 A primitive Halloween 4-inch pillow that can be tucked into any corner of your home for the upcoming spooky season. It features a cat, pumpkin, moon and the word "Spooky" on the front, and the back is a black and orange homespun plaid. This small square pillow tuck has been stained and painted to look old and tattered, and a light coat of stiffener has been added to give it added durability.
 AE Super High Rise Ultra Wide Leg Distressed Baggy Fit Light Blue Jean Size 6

################

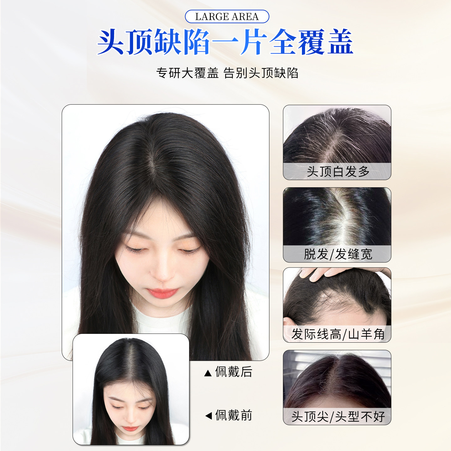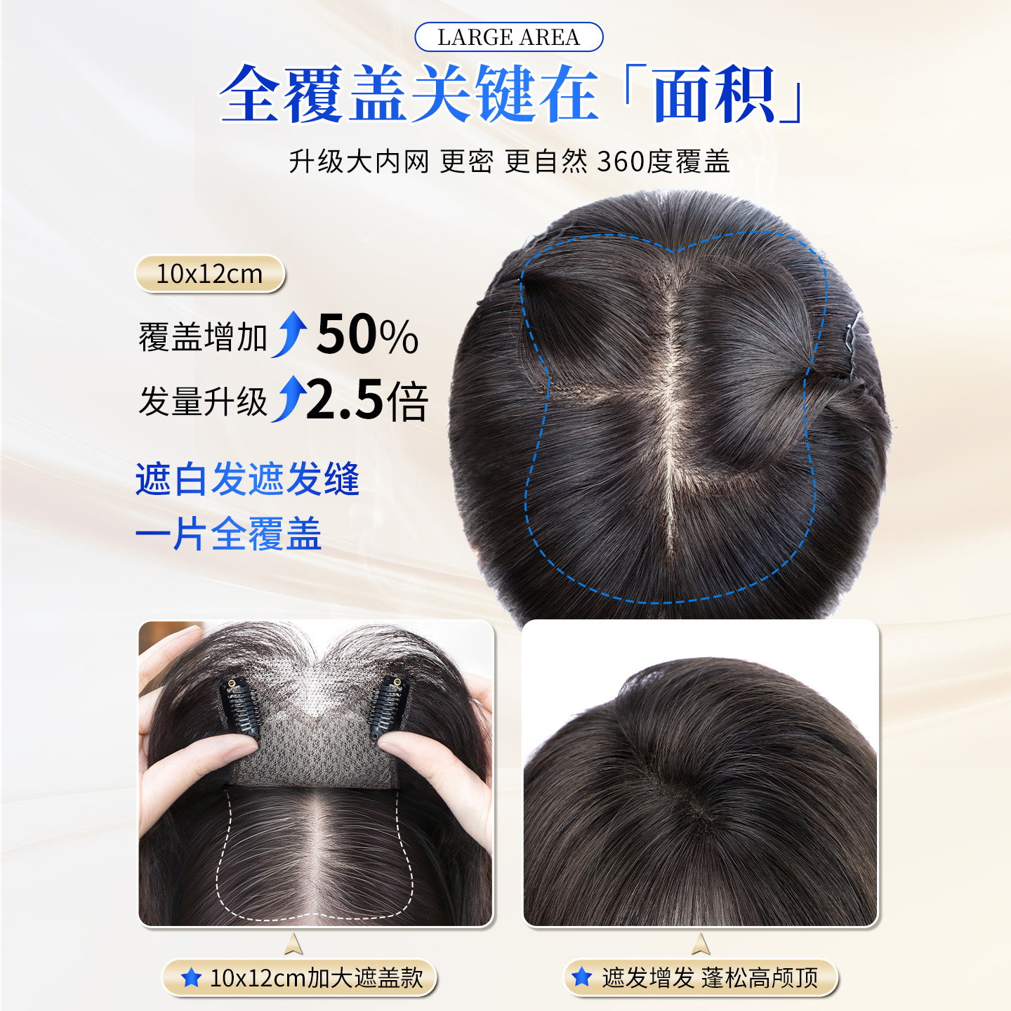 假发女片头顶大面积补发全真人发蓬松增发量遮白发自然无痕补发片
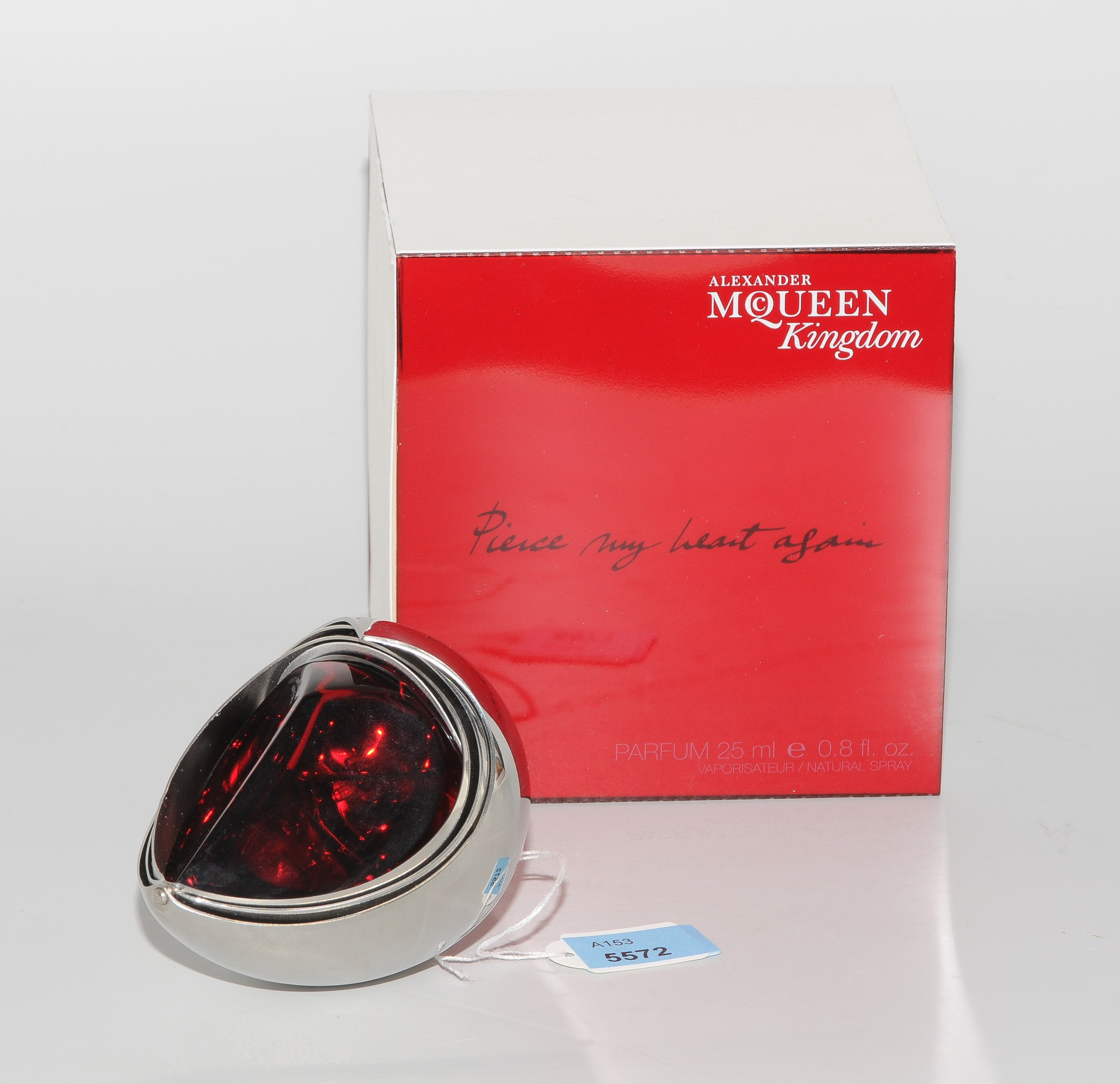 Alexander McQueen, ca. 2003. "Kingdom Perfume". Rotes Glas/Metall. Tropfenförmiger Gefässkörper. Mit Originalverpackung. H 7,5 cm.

################

◆ **Work to complete**:
From the records above, copy only the lines starting with the line that holds "A primitive Halloween" and going on through the line that holds "AE Super High", exactly as written.

◆ **Solution for this exercise**:
 A primitive Halloween 4-inch pillow that can be tucked into any corner of your home for the upcoming spooky season. It features a cat, pumpkin, moon and the word "Spooky" on the front, and the back is a black and orange homespun plaid. This small square pillow tuck has been stained and painted to look old and tattered, and a light coat of stiffener has been added to give it added durability.
 AE Super High Rise Ultra Wide Leg Distressed Baggy Fit Light Blue Jean Size 6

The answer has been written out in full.